Tuesday, May 27, 2014

I Hear Therefore I Change My Technique

Having once heard the dialogue between different instrumental resonance as a structural fact in the works of Schumann, Brahms, et al, I knew I would have to change my technique so that others would hear it as well.

The first time I did so was in the Schumann G minor Piano Quartet, the one in which the cello has to tune the C string down to B-flat during one movement so as to resonate together with the piano's black keys. Cellists do not enjoy this as they are used to hearing all of their strings resonate sympathetically with that lowest fullness.  Changing it to a B-flat means that they cede that resonance to the other sound, the piano, and specifically to the piano's black keys--the closest the piano gets to the fullness of the open strings of stringed instruments.
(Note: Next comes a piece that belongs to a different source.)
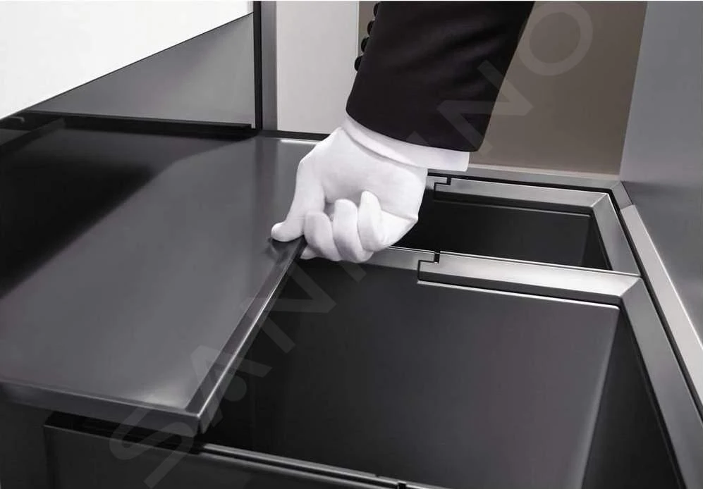 El conjunto también incluye una práctica tapa. Este cubo empotrable Blanco Flexon II está fabricado en plástico de alta calidad y bajo mantenimiento. También es estable y se fabrica con precisión. Es fácil de montar y encaja perfectamente en el armario inferior de tu cocina. Es muy importante que lo encajes en un mueble con una anchura de cajón de 600 mm y una profundidad de 400 mm. La altura de montaje del cubo es de 360 mm por encima del fondo del cajón, la altura máxima del lateral del cajón debe ser de 265 mm por encima del fondo. Al planificar la altura del cubo, hay que tener en cuenta también la altura del fondo del mueble, la profundidad de instalación del fregadero, incluido el accesorio de desagüe, y la altura mínima resultante del cubo.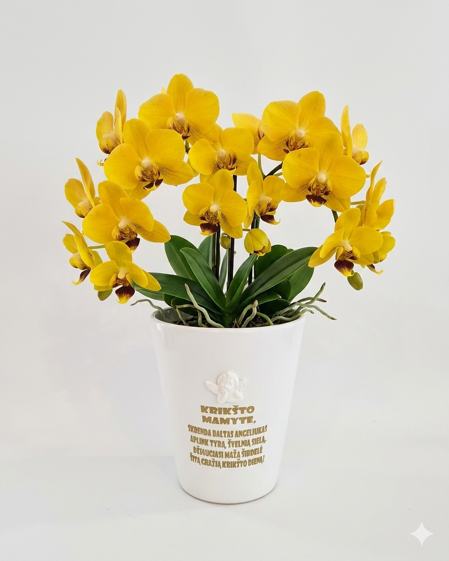 Nuostabi dovana krikšto mamytei, dekoruotas angeliuku. Vazonas parduodamas be orchidėjos.

Then there is the strange passge in all flats.  String players cannot find the sound of all those flats, so foreign are flats to the resonance of their instruments.  I found that if I play that passage with complete finger legato, no breaks, and NO PEDAL, the resulting clarity of piano resonance draws unto itself all of the string sound, unifying and rebounding it back into the string cases, thus creating an aura of oneness that is unique in the repertoire.

A guest violist with whom we played that piece when I was still playing chamber music on a regular basis, said that he had performed that piece hundreds of times in his career but never until then experienced that passage as meaningful.